The technical arguments against the Export-Import Bank are provided in this excellent summary by Veronique de Rugy. However, one argument against Ex-Im and other business subsidies is not stressed enough in policy debates: subsidies weaken the businesses that receive them.


Subsidies change the behavior of recipients. Just like individual welfare reduces work incentives, corporate welfare dulls business competitiveness. Subsidies give companies a crutch, an incentive not to improve efficiency or to innovate, as I noted here.


Yesterday, I looked at Chapter 1 of Burton and Anita Folsom’s new book, Uncle Sam Can’t Count, which examines federal fur trading boondoggles of 1795–1822. 


Now let’s look at Chapter 2, which focuses on the steamboat industry of the 19th century. The historical lesson is clear: subsidies make companies weak, inefficient, and resistant to innovation.
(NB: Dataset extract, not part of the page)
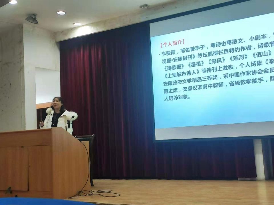 2020年12月14日晚7点,李爱霞老师应1683168 3诸侯快讯入口之邀,在江南校区1号教学楼报告厅为汉语言文学专业2020级学生讲授诗歌专题,同学们对李老师的到来表示热烈欢迎,基础写作课教师韩文霞全程参与教学活动。

Here is a thumbnail sketch of the Folsoms’ steamboat story:

  • In 1806 New York gives Robert Fulton a legal monopoly on steamboat travel in the state. Breaking this misguided law, a young Cornelius Vanderbilt launches a competitive service in 1817.
  • The U.S. Supreme Court strikes down the New York law in 1824. The effect is to usher in an era of steamboat innovation and falling prices for consumers.
  • Vanderbilt launches many new steamboat routes whenever he sees an opportunity to drive down prices.
  • With subsidies from the British government, Samuel Cunard launches a steamship service from England to North America in 1840. In response, Edward Collins successfully lobbies Congress to give him subsidies to challenge Cunard on the Atlantic route. With this unfortunate precedent, Congress proceeds to hand out subsidies to steamship firms on other routes.
  • By the 1850s, Congress is providing Collins a huge annual subsidy of $858,000. Irked by the subsidies and Collins’ inefficient service, Vanderbilt builds a better and faster ship and launches his own Atlantic service.
  • In 1856 two of Collins’ inferior ships sink, killing almost 500 people. Collins builds a new ship, but it is so shoddy that it is scrapped after only two trips.
  • Congress finally realizes that the aid to Collins is damaging, as it has spawned an inferior and mismanaged business. Congress cuts off the subsidies in 1858. Without subsidies, Collins’ steamship company collapses.
  • Vanderbilt also out-competes subsidized steamship companies on the East Coast-to-West Coast route through Central America.
  • In England, an unsubsidized competitor to Cunard—the Inman Line—is launched and begins out-competing and out-innovating the subsidized incumbent.
  • The subsidized Cunard and Collins aim their services at the high-end luxury market. The more efficient and unsubsidized Vanderbilt and Inman focus on driving down prices for people with more moderate incomes.
  • Government subsidies “actually retarded progress because Cunard and Collins both used their monopolies to stifle innovation and delay technological changes in steamship construction.”

Government subsidies have similar negative effects today, whether it is subsidies to energy companies, aid to farm businesses, or the Ex-Im program.


The difference is that in the 19th century Congress eventually cut off subsidies when the damage became clear, as it did with steamship subsidies in 1858 and fur trading subsidies in 1822. Maybe I’m overlooking something, but I can’t think of a business subsidy program terminated by Congress in recent years, or even in recent decades.